*Work item*: Only the lines below from the one with "- Durable Yard" through the one with "Heimamenn náðu að" are to be written out, exactly and without any images.

*The records*:
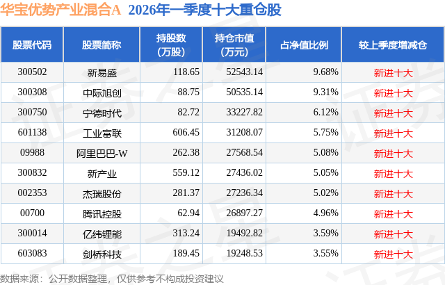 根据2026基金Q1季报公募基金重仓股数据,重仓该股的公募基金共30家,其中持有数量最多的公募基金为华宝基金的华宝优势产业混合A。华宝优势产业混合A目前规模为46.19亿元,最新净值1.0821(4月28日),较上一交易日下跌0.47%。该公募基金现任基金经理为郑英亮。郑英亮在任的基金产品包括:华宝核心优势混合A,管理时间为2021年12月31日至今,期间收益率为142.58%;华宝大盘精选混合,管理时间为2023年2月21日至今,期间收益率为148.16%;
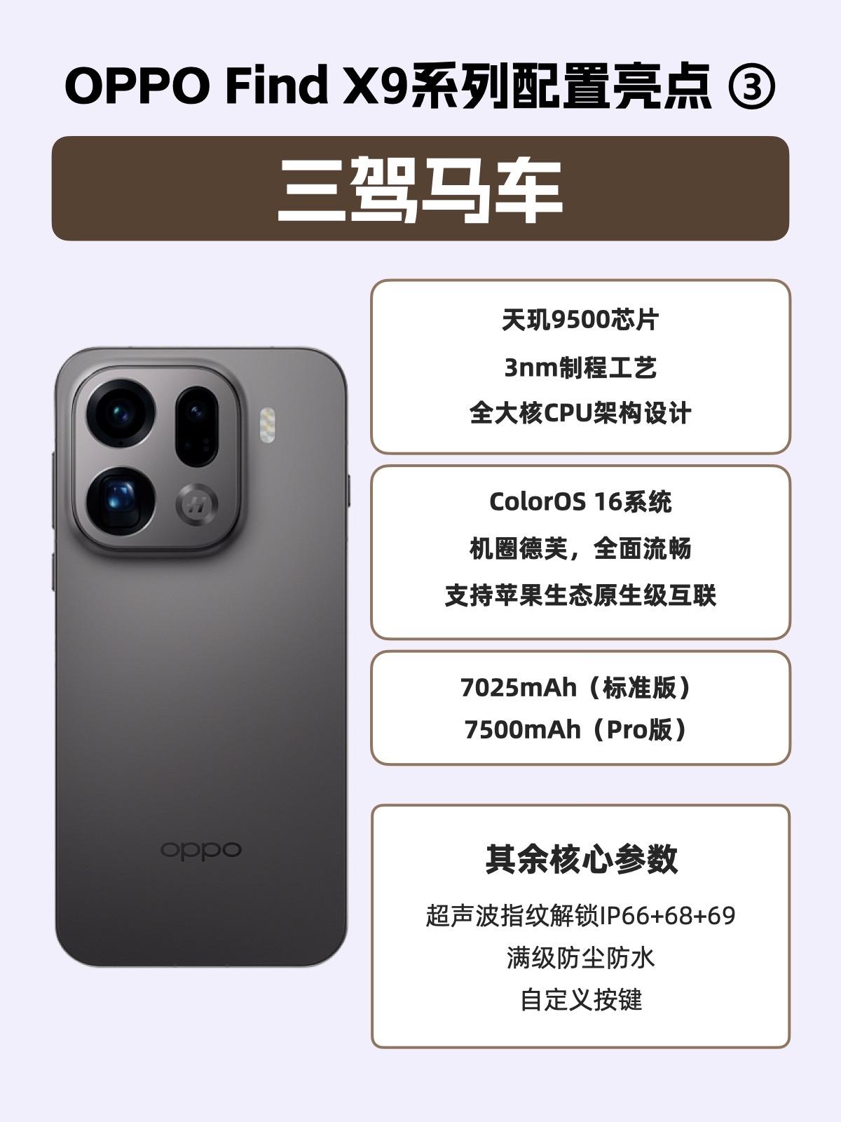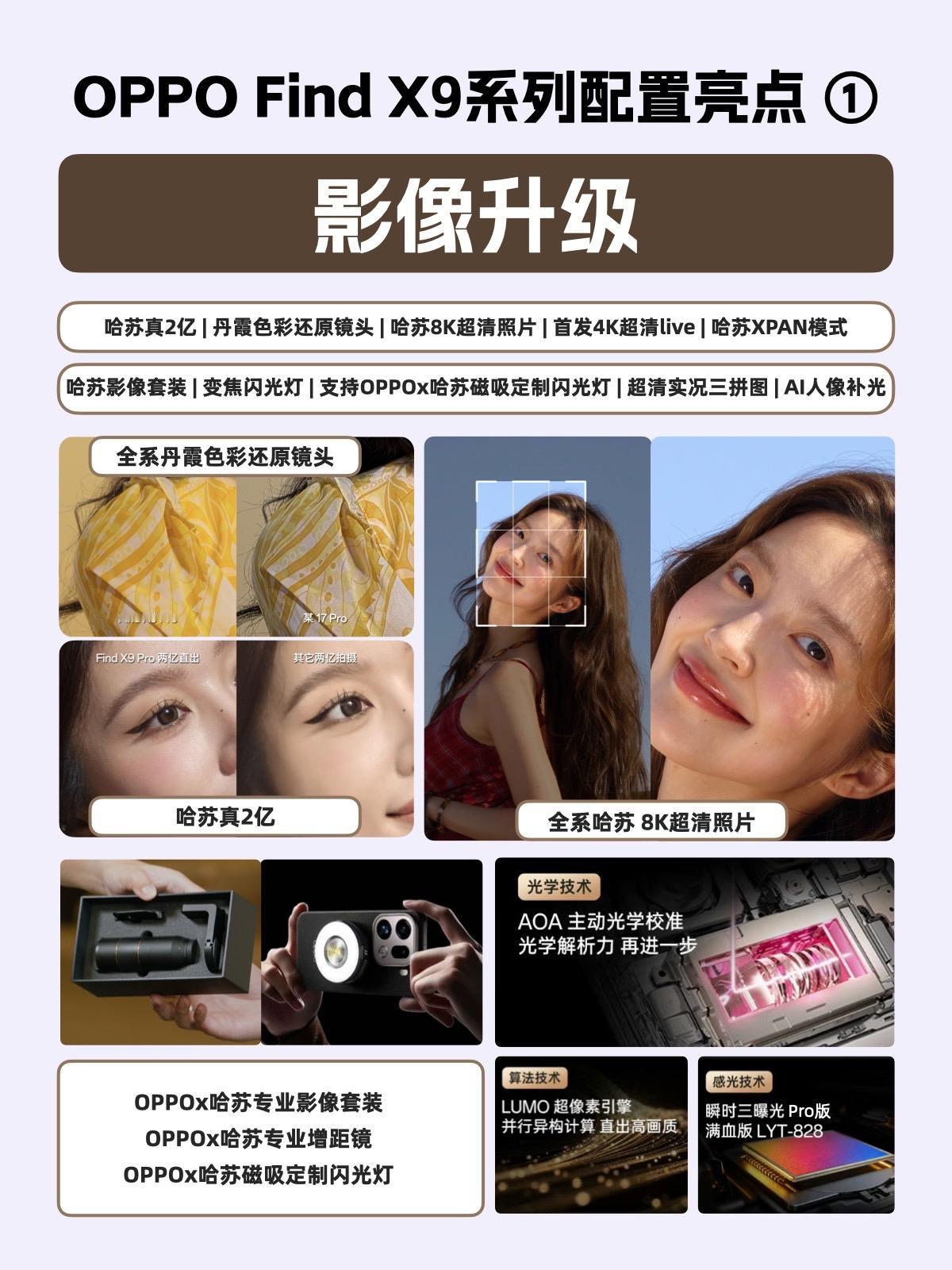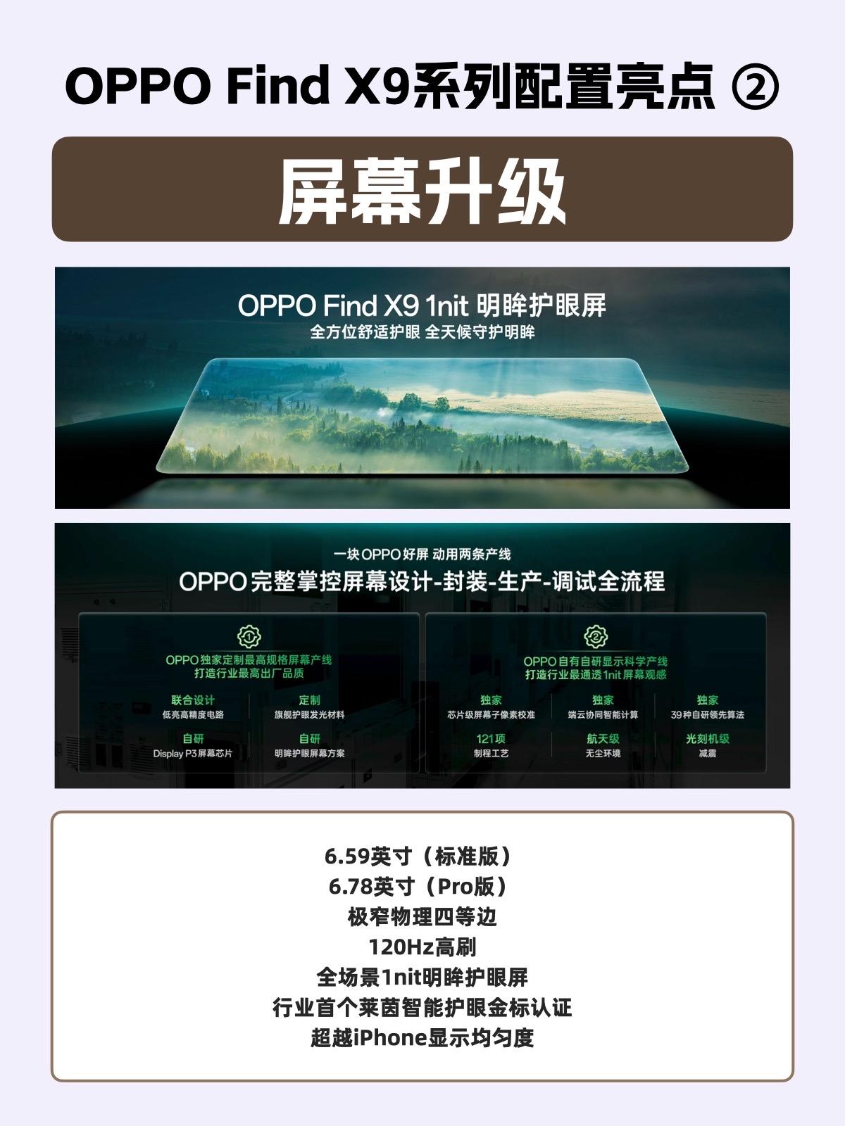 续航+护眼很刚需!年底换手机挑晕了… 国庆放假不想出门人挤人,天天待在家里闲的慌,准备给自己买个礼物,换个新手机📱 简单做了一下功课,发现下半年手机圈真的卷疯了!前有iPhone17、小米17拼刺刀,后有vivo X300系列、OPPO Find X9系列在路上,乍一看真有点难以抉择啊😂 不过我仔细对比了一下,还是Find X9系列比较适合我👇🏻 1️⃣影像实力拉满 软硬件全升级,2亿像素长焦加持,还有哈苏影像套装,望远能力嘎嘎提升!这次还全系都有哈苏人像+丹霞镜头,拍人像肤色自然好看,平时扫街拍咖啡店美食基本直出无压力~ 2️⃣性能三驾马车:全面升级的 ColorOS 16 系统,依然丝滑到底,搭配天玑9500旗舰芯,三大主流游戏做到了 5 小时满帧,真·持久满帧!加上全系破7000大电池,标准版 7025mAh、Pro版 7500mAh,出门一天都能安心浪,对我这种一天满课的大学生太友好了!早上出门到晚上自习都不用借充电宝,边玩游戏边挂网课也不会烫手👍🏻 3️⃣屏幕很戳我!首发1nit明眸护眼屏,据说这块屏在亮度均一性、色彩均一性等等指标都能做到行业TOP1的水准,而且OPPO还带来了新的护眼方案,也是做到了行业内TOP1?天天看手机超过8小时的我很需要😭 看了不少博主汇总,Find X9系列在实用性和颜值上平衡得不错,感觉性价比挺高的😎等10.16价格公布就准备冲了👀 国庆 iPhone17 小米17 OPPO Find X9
* * *
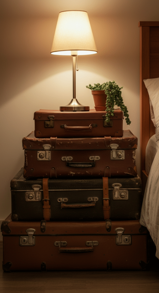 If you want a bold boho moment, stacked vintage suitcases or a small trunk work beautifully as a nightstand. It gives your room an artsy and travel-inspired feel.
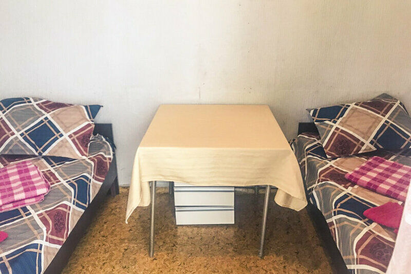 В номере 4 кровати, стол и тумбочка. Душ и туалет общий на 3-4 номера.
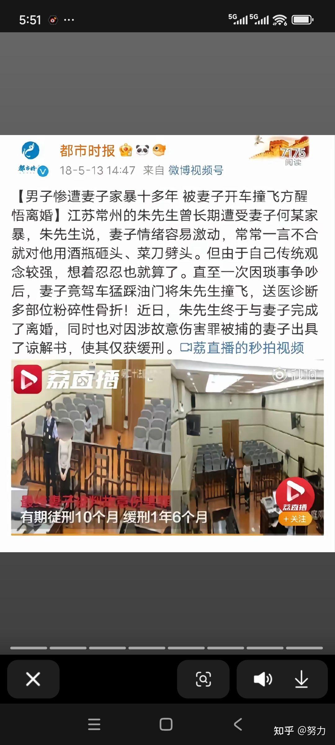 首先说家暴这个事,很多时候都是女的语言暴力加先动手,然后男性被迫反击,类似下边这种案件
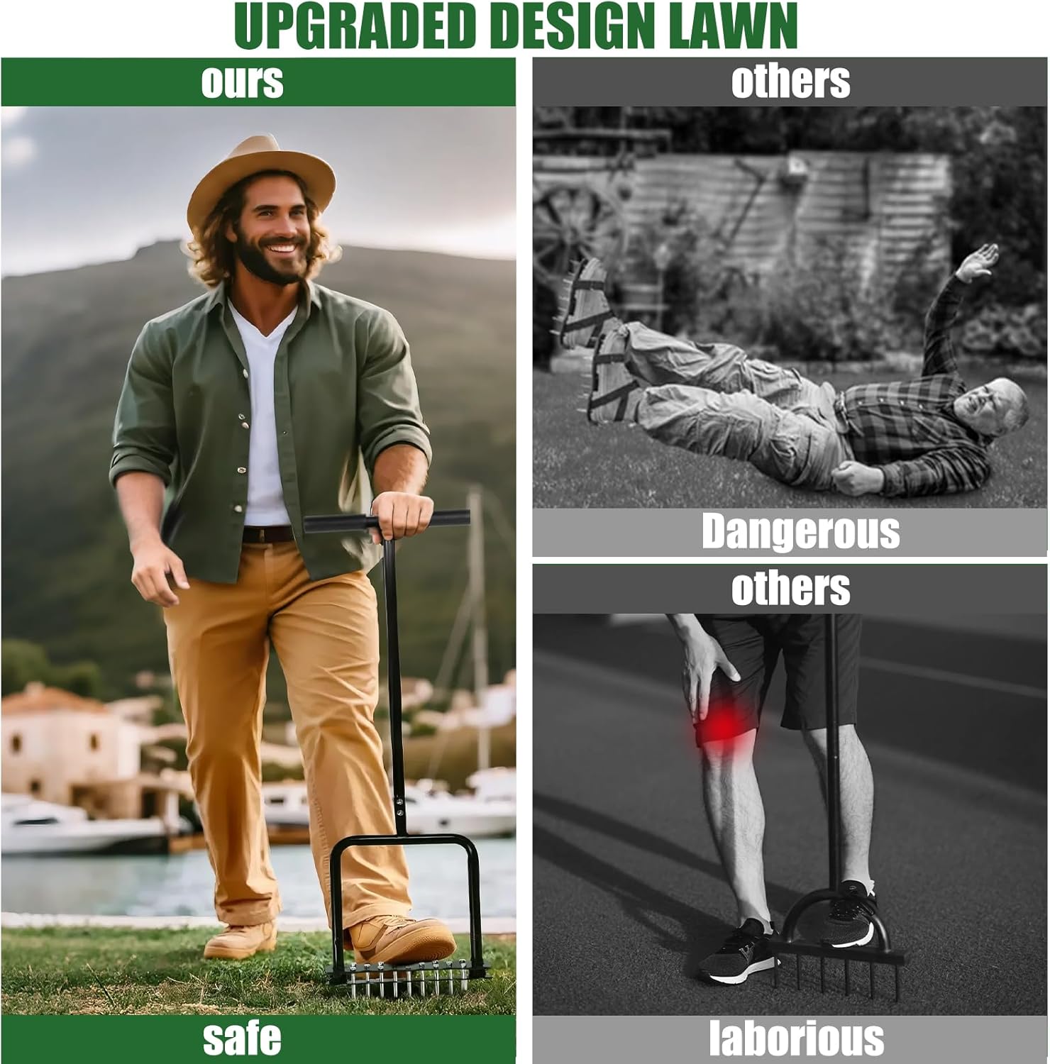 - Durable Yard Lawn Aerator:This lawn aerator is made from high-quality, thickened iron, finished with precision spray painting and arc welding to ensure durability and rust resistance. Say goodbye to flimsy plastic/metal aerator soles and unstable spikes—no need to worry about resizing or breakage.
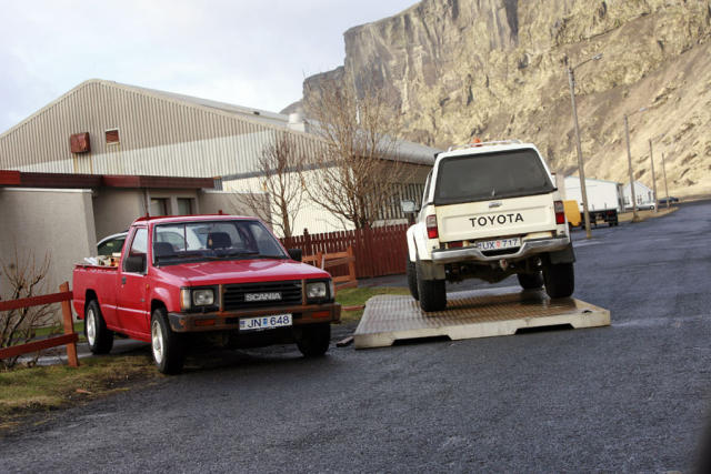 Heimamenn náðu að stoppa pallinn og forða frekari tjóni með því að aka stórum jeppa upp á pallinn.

*Task output*:
 - Durable Yard Lawn Aerator:This lawn aerator is made from high-quality, thickened iron, finished with precision spray painting and arc welding to ensure durability and rust resistance. Say goodbye to flimsy plastic/metal aerator soles and unstable spikes—no need to worry about resizing or breakage.
 Heimamenn náðu að stoppa pallinn og forða frekari tjóni með því að aka stórum jeppa upp á pallinn.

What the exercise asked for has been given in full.